True - There is OCR data on all pages.
Partial - There is OCR data on some pages and some pages with no OCR data.
False - There is no OCR data across any of the pages.

The creation of the index will be charged at our content management rates. Also, the index will not account for documents that have been replaced at any stage, i.e. the status will be reflective of the original document that was uploaded to the platform, not the replacement file that now appears and we are unable to confirm if any files have been replaced.

Opus OCR Process

Parties are able to OCR the documents themselves and provide updated versions to Opus for upload or replacement.

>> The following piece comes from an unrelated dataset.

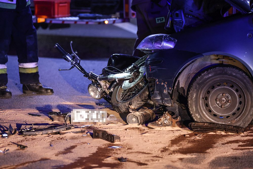 Zderzenie samochodu z motocyklem na Niwie w Nowym Targu

Alternatively, Opus are able to assist with running an OCR process (subject to capacity) if the parties are unable OCR documents themselves, on the following basis:

OCR Issue Detection - We are unable to automatically detect which documents have not been OCR'd before upload and therefore we would need to either be instructed which documents need to have the OCR process run across them, i.e. from an OCR index (keeping in mind the limitations of the index results), or we can proceed with OCRing all of the documents in any relevant bundles, at the price of £0.05 per page.
Accuracy of OCR Data - In running the OCR software across the document set, it will apply OCR data where possible and the accuracy of this data will ultimately depend on the format of the PDF file itself along with the quality of the image contained on each page. As a result, this may mean that the software is unable to apply OCR data to certain sections of the document. Similarly, the software may attempt to rotate pages to be the correct orientation based on the text but the accuracy of this process depends on the pages themselves and this will not be checked by Opus 2.
OCR Language - We are only able to OCR in English. If there are any documents containing text of a different language, the software would try to OCR the text in English which may result in inaccurate letters / numbers being assigned, reducing the functionality of this OCR data. Additionally, if any pre-existing non-English OCR data has been applied, it may be removed and replaced with the English data as part of the OCR process.

If the documents already exist on the platform, we would need to export them from the platform, OCR and replace them - with each action being chargeable at standard rates.